# Extracted records
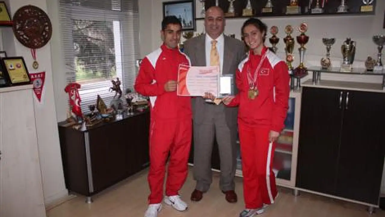 Derece aldıktan sonra Gençlik ve Spor İl Müdürlüğüne ziyarette bulunan sporcumuz İl Müdürümüz Ömer Altunsoy'u makamında ziyaret etti. Altunsoy ziyaretten çok memnun kaldığını belirterek "Sizlerden aynı zamanda Avrupa Şampiyonluğu da bekliyoruz. Bunun için gereken her türlü desteği vermeye hazırırz" dedi. Ömer Altunsoy'un ardından Spor Şube Müdürü Güven Özyurt'u da ziyaret eden sporcumuz Özyurt ile birlikte de hatıra fotoğrafı çektirdi..
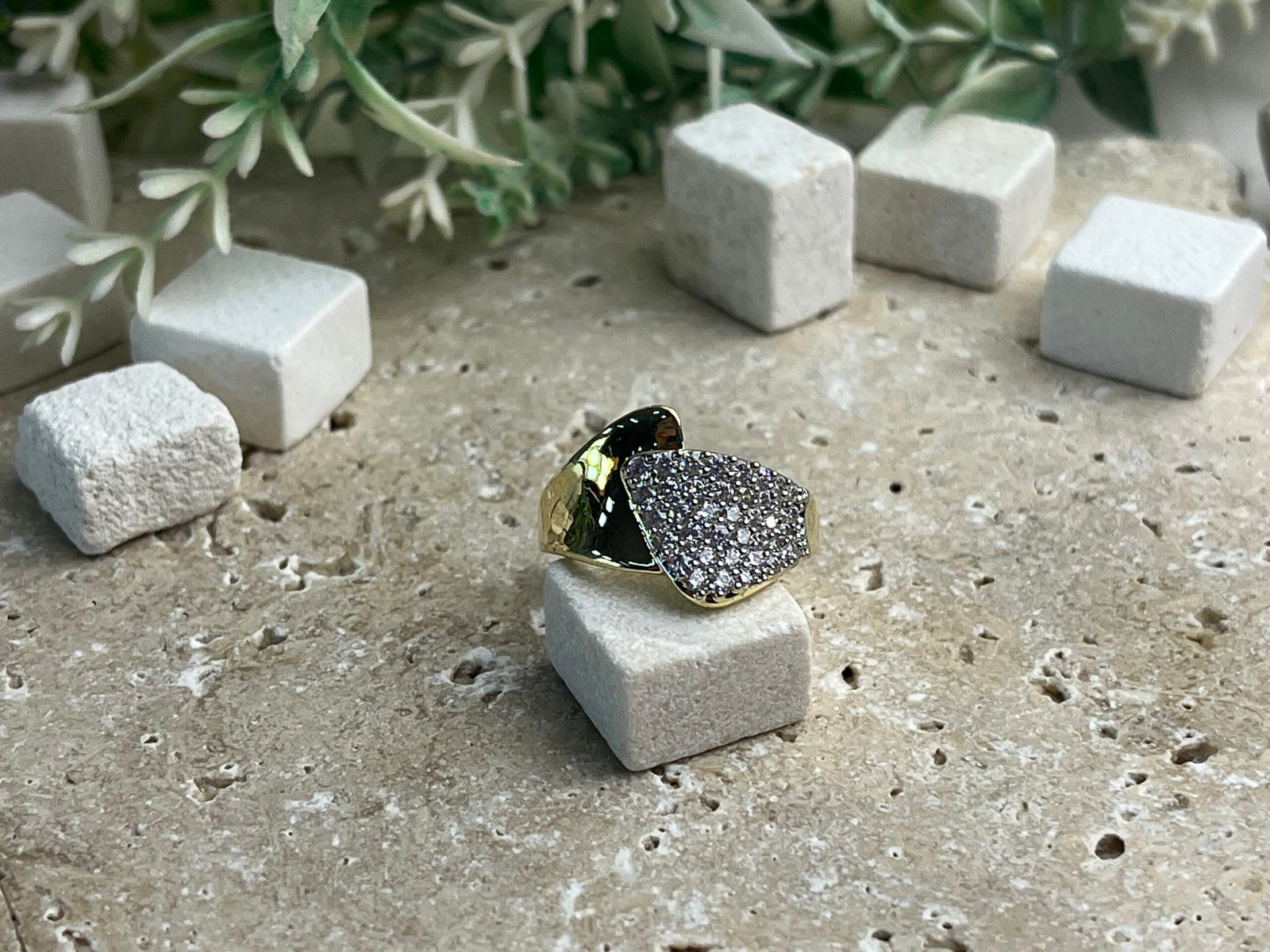 Caliyanis’ten yüzüğün asimetrik tasarımı, modern bir şıklık ve zarafet sunar.
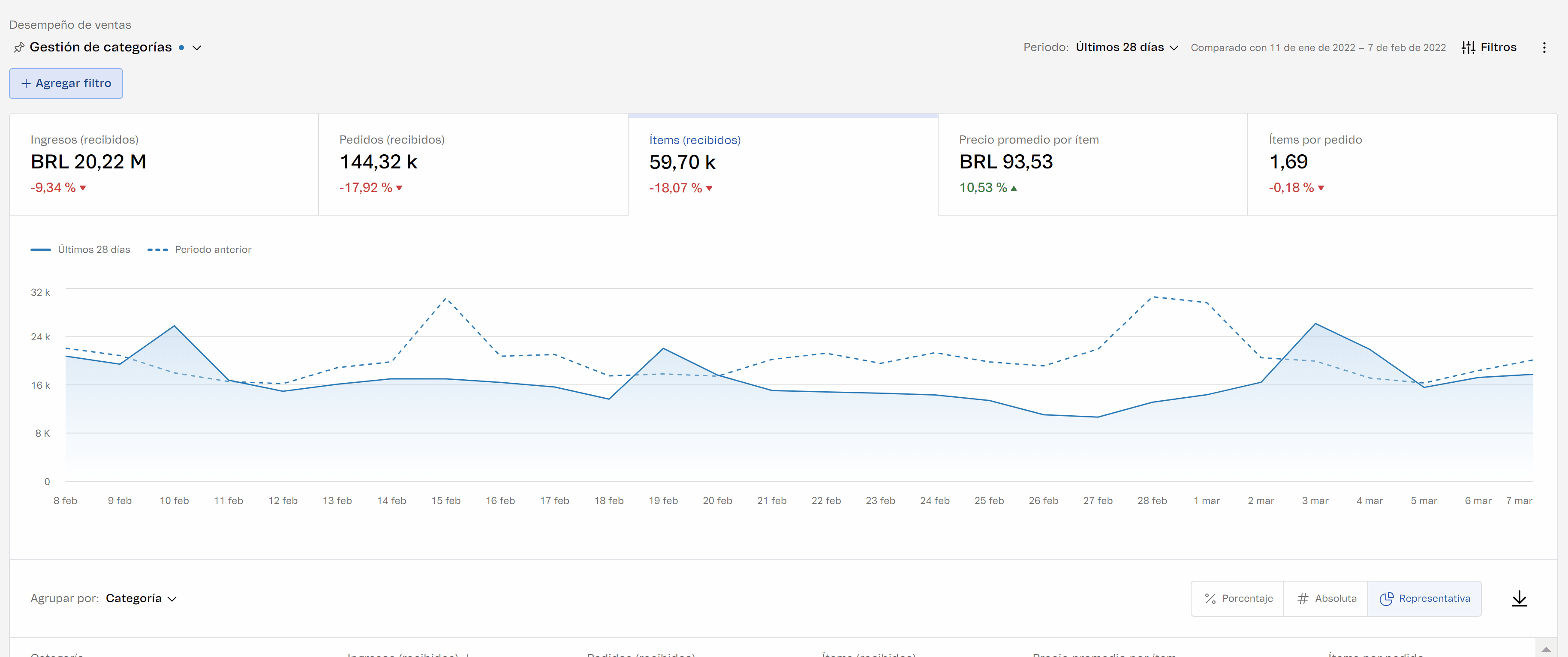 Ten en cuenta que las métricas Ticket promedio y Ítems por pedido no tendrán disponible una vista de Porcentaje o Representativa, ya que son métricas que se calculan dividiendo otras, y la suma de todas las partes de cada una no es igual al Total.
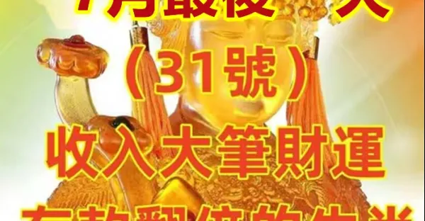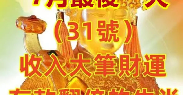 7月最後一天(31號)收入大筆財運,存款翻倍的生肖~
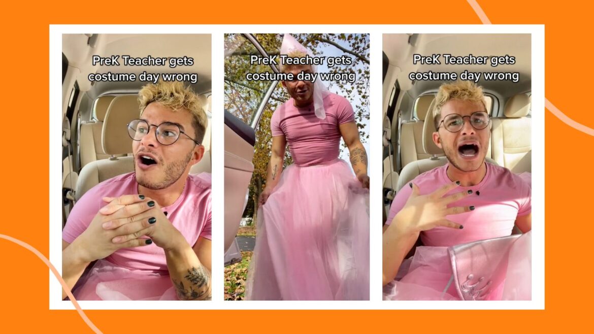 Last year, this nightmare became a reality for @mrwilliamsprek, a TikTok creator and pre-K teacher. Thinking that teachers would be dressing up on the Friday before Halloween as per his last school’s practice, he headed off to school in full princess glam (he let his class vote on his costume).
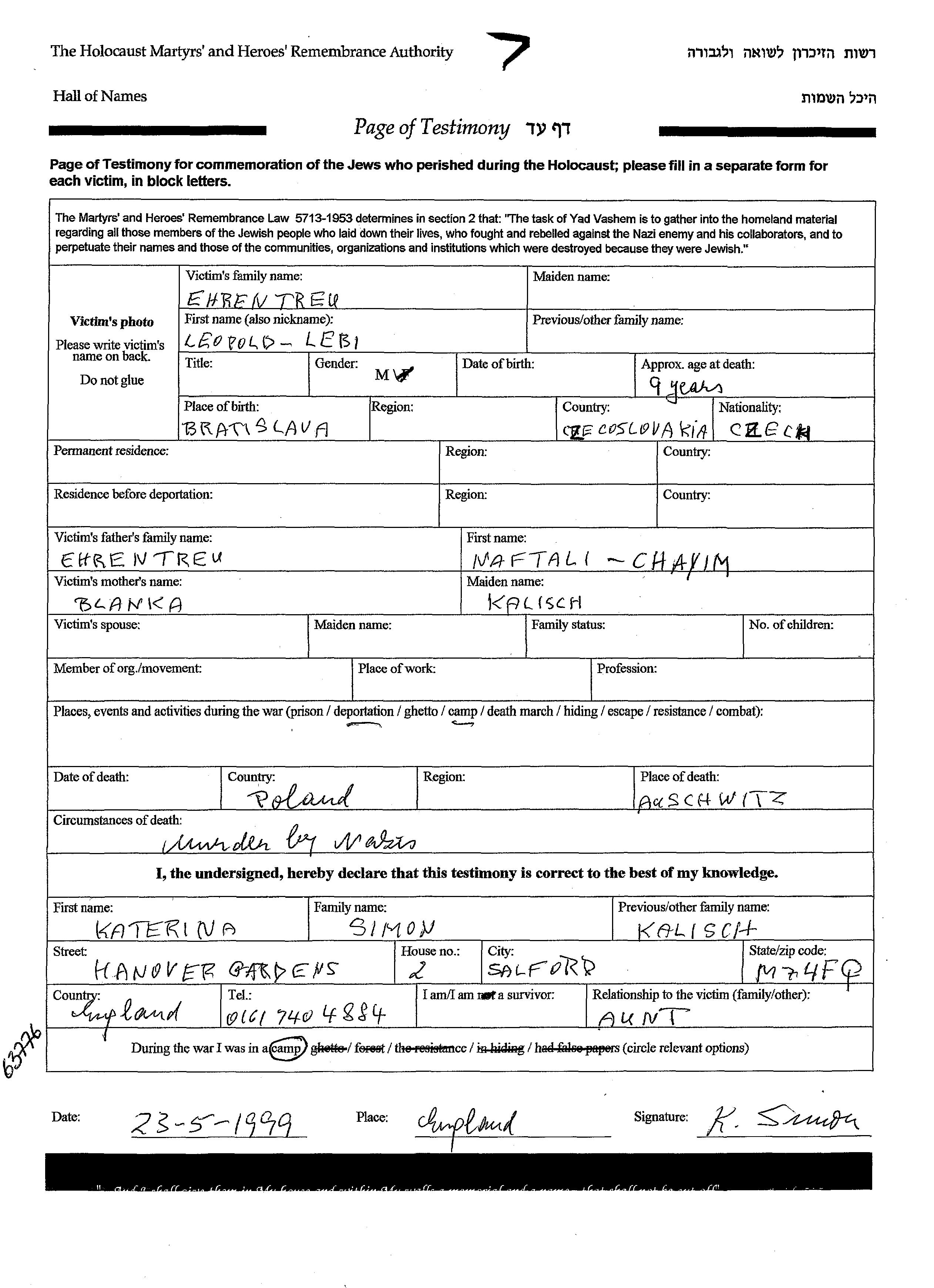 Ehrentreu Leopold Lebi endroit inconnu, Feuille de témoignage

# PROBLEM DESCRIPTION
Could you repeat all of the entries exactly, without the pictures?

# REPLY TO THE TASK
 Derece aldıktan sonra Gençlik ve Spor İl Müdürlüğüne ziyarette bulunan sporcumuz İl Müdürümüz Ömer Altunsoy'u makamında ziyaret etti. Altunsoy ziyaretten çok memnun kaldığını belirterek "Sizlerden aynı zamanda Avrupa Şampiyonluğu da bekliyoruz. Bunun için gereken her türlü desteği vermeye hazırırz" dedi. Ömer Altunsoy'un ardından Spor Şube Müdürü Güven Özyurt'u da ziyaret eden sporcumuz Özyurt ile birlikte de hatıra fotoğrafı çektirdi..
 Caliyanis’ten yüzüğün asimetrik tasarımı, modern bir şıklık ve zarafet sunar.
 Ten en cuenta que las métricas Ticket promedio y Ítems por pedido no tendrán disponible una vista de Porcentaje o Representativa, ya que son métricas que se calculan dividiendo otras, y la suma de todas las partes de cada una no es igual al Total.
 7月最後一天(31號)收入大筆財運,存款翻倍的生肖~
 Last year, this nightmare became a reality for @mrwilliamsprek, a TikTok creator and pre-K teacher. Thinking that teachers would be dressing up on the Friday before Halloween as per his last school’s practice, he headed off to school in full princess glam (he let his class vote on his costume).
 Ehrentreu Leopold Lebi endroit inconnu, Feuille de témoignage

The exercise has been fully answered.